Donald Trump has revealed his plan to ‘put America First’ – by outlawing the number two. The leading Republican Presidential candidate said that he would ban two by an executive order on his first day on the White House because the number is a ‘big loser’.
In a long-awaited speech on home affairs, Trump said: ‘America is going to be winning so much that we won’t need two. We’re going to be one. One, one, one, one, one. We’re making America great again and we’re going to build that wall. Make that three walls.’
The use of the number two by all federal government employees will henceforth be banned on pain of instant dismissal. All clocks will be altered to remove two and the number two will be taken out of all computer keyboards.
‘Greatness is coming first, and America has to be great again,’ said Trump. ‘When I do a deal I come out on top and that means coming first. Second is nowhere – or rather it would be nowhere, if it existed at all. Which it doesn’t. Does it, Ted Cruz? We’re making America great again.’
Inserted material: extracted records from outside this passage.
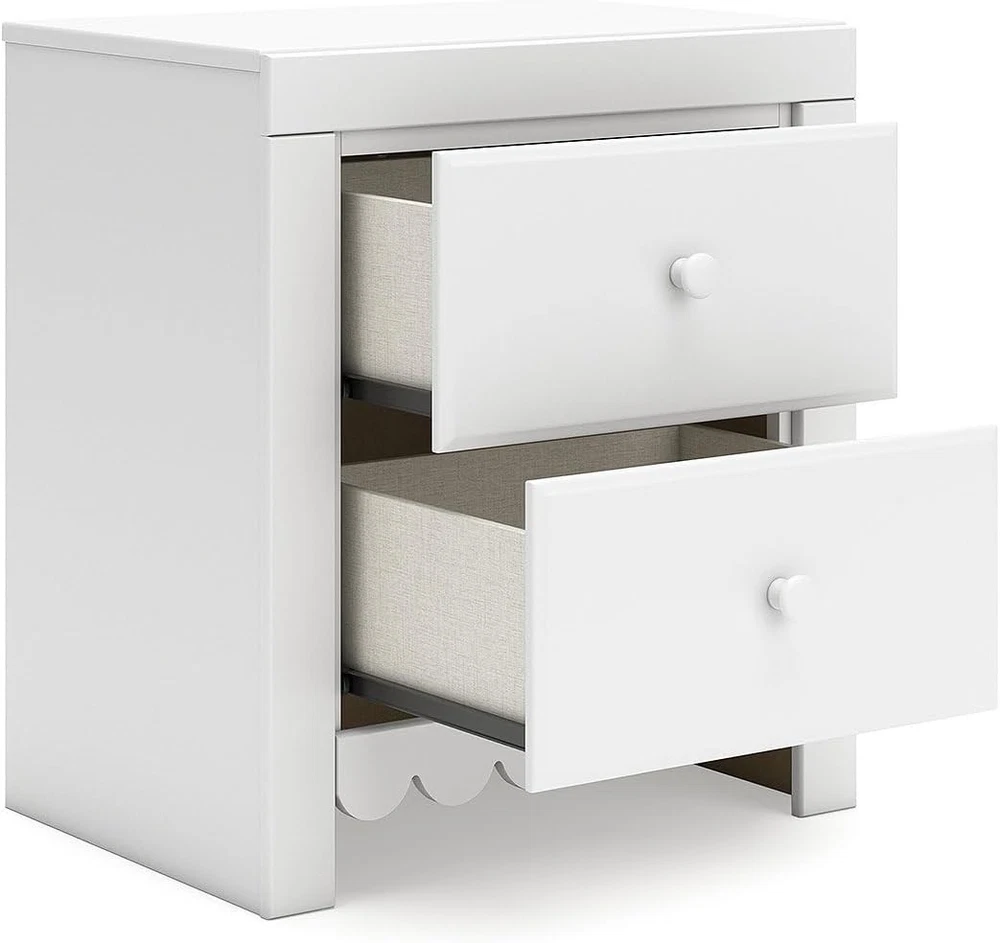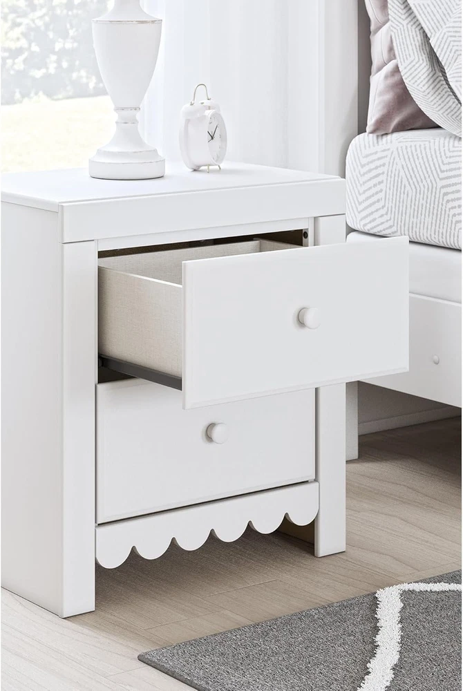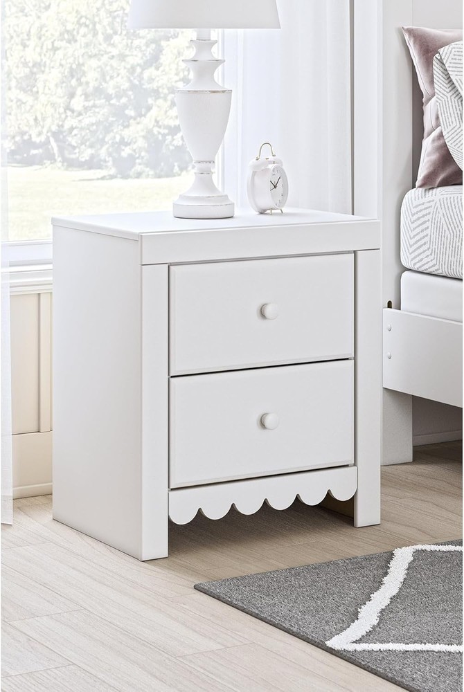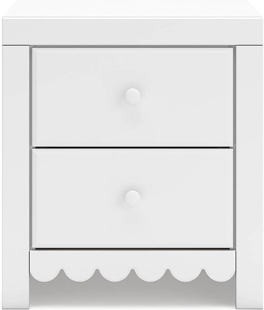 Signature Design by Ashley Mollviney Minimalist 2 Drawer White Scallop Product Details Brand: Signature Design by Ashley Product Dimensions: 15.31"D x 21.69"W x 24.25"H Color: White Scallop Product Care Instructions: Wipe with Dry Cloth, Wipe with Damp Cloth Recommended Uses For Product: Displaying Item WeightFrame Material: 38 PoundsEngineered Wood Top Material TypeShape: Engineered WoodRectangular 2-DRAWER NIGHTSTAND: Charmingly cute with its scalloped detailing and crisp white finish, this nightstand with USB charging appeals to both her sense of playful whimsy and your love for modern design WELL MADE: Engineered wood & decorative laminate. Matte white finish. White knobs. 2 smooth-gliding drawers; interiors are lined with a faux linen laminate for a clean, finished look. USB charging ASHLEY NIGHTSTANDS: A night stand is a bedside essential. Whether you’re looking for a white nightstand, black nightstand or a nightstand with drawers, Ashley meets your bed side needs DIMENSIONS: This item measures 21.69" W x 15.31" D x 24.25" H MINOR ASSEMBLY: Minor assembly required. Easy-to-follow instructions and hardware included Make waking up or bedtime that much more magical with this nightstand. Charmingly cute with its scalloped detailing, it appeals to both her sense of playful whimsy and your love for modern design. The nightstand's included USB charging keeps devices or nightlights powered up. And its crisp white finish gives you the versatility to pair it with existing decor.
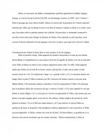 Salina, est une pièce de théâtre contemporaine qualifiée également de théâtre tragique antique, et a été écrite par Laurent GAUDÉ, un dramaturge reconnu, en 2003. Acte ? Scènes ? Dans le passage que nous allons étudier, Salina est sauvée par la puissance de l’amour maternel transmis par Alika, qui lui donne la force et le désir d’enterrer à jamais sa haine et sa colère, ainsi que d’accorder enfin ce pardon maintes fois sollicité. On peut donc se demander comment le sacrifice d’une mère peut changer la destinée de Salina. Pour répondre à cette question, nous verrons d’abord comment la fin du tragique a été mise en place, puis quel est le rôle de l’enfant.
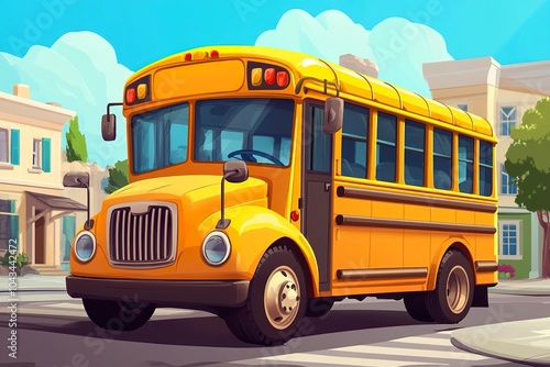 Cartoon Style Bright Yellow School Bus for Educational Illustrations
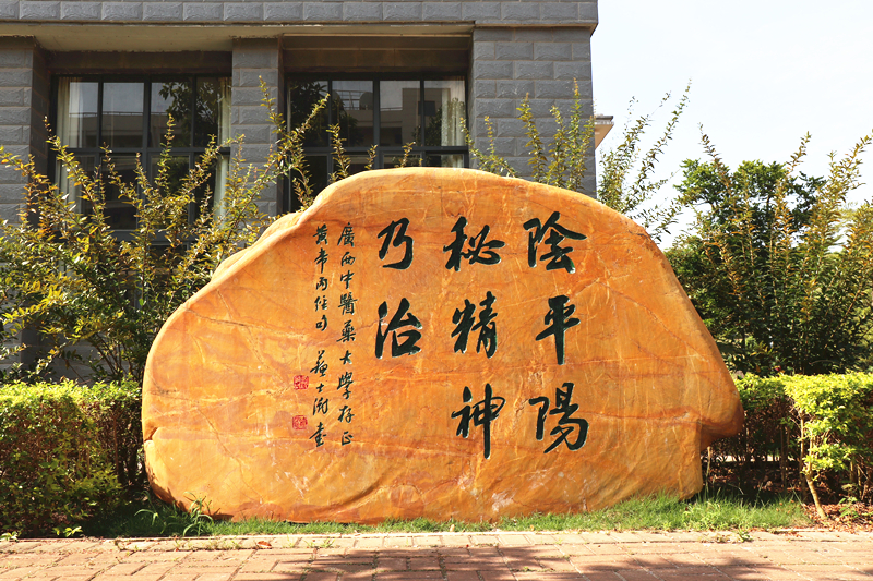 该石刻位于教学楼北面,由第七届中国书协主席、书法大家苏士澍先生为我校题写。语出《黄帝内经·素问》“阴平阳秘,精神乃治,阴阳离决,精气乃绝”。阴平阳秘,乃中医学治病最基本的法则。
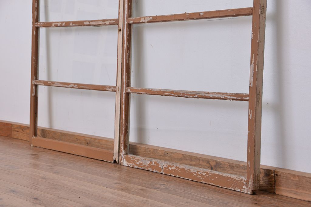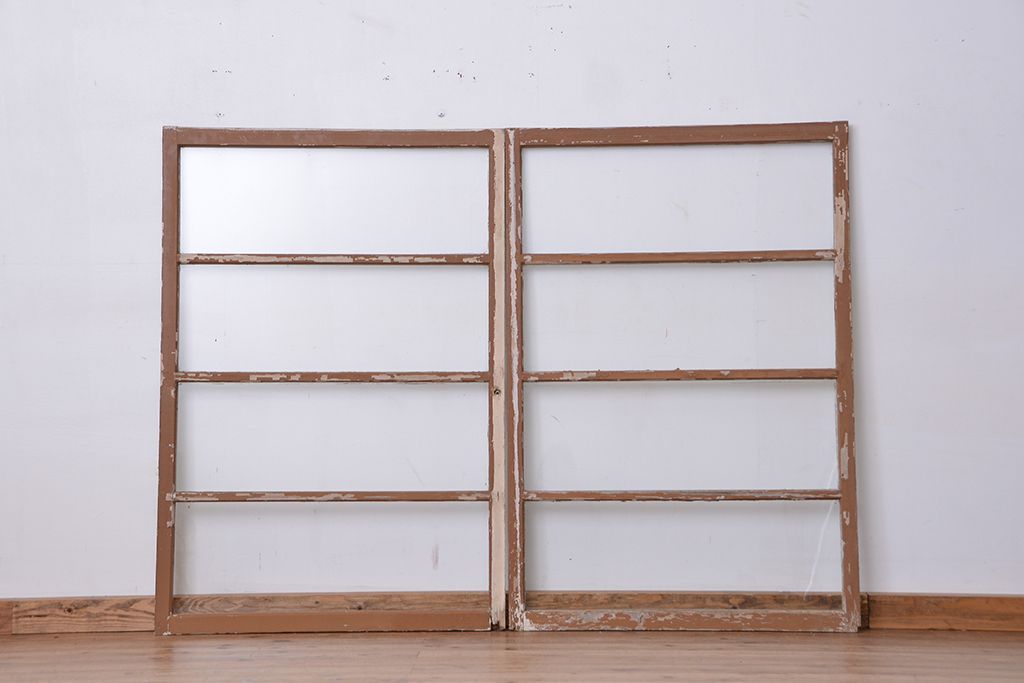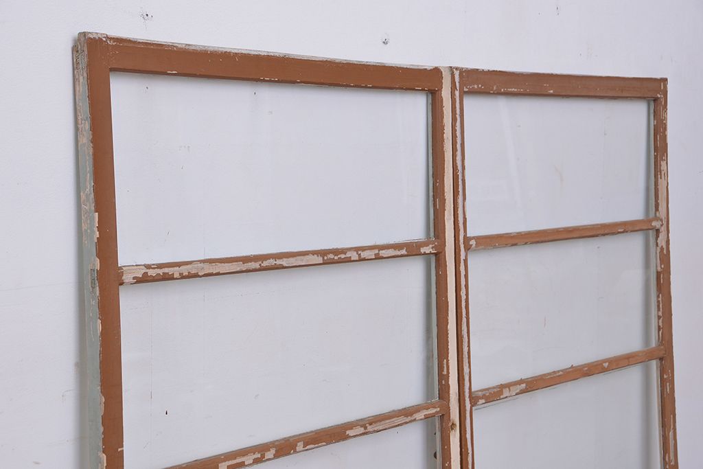 アンティーク ペンキの剥げたシンプルなガラス戸 2枚セット(2)(窓・引き戸)
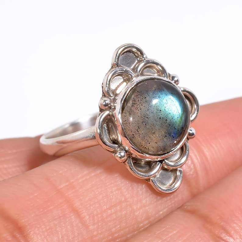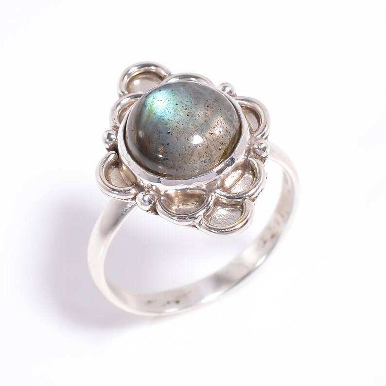 แหวนพลอยลาบราดอไรต์ทำมือ925เงินแท้ทรงกลมเครื่องประดับสวยหรู
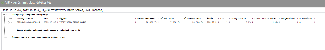 Elérése: Lekérdezések, listák -> Pénzügyi kimutatások -> Utókalkuláció -> Árrés limit alatti értékesítés
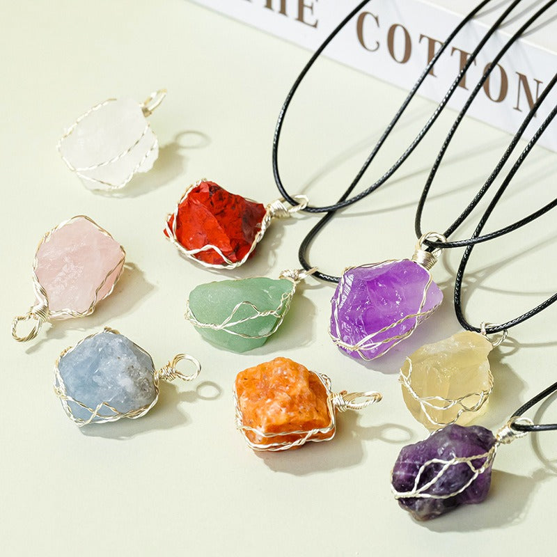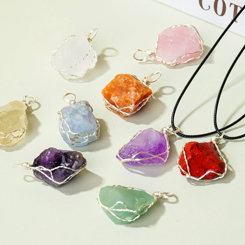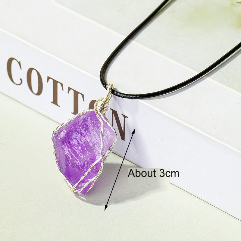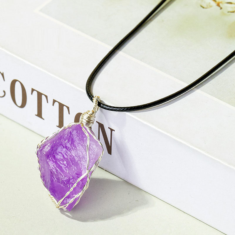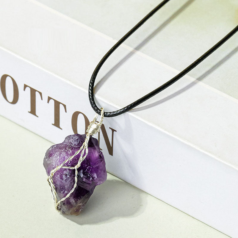 Amethyst raw stone wrapped silk pendant, handmade wrapped wire mesh bag necklace, sweater chain jewelry pendant
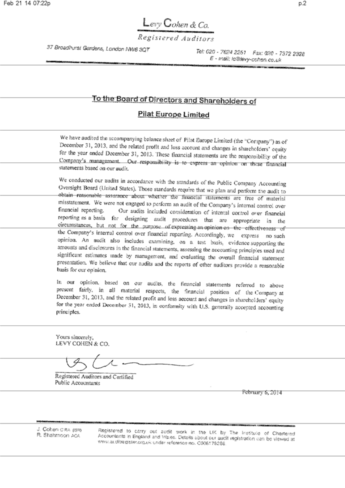 Pilat Europe Ltd  100  U.K.
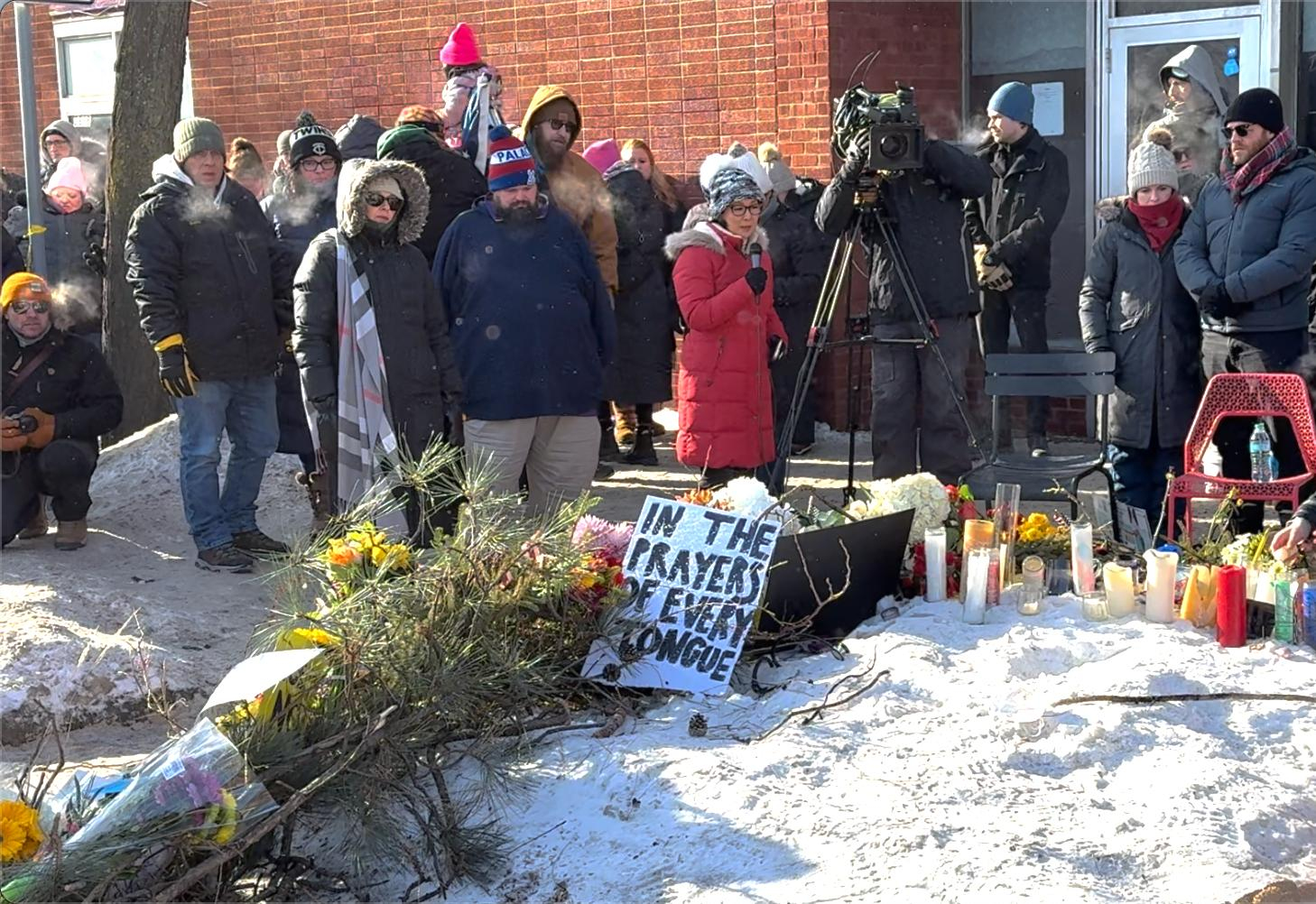 1月25日,在好意思国明尼苏达州明尼阿波利斯,东谈主们缅怀枪击事件遭难者(手机相片)。新华社发

Under the plans to ban two, any American athletes who come in second during the Olympics will be denied their silver medals and told to win next time, while, when referring to two during official government business, federal employees must refer to it as ‘not first’ or ‘nearly third’.
Mobile phone manufacturers including Apple and Samsung will be ordered to disable two and replace it with another number one. Network provider Three is said to be particularly in favour of the move, as this will make it number two, or rather three, in the market after Mr Trump’s favourite network, Orange.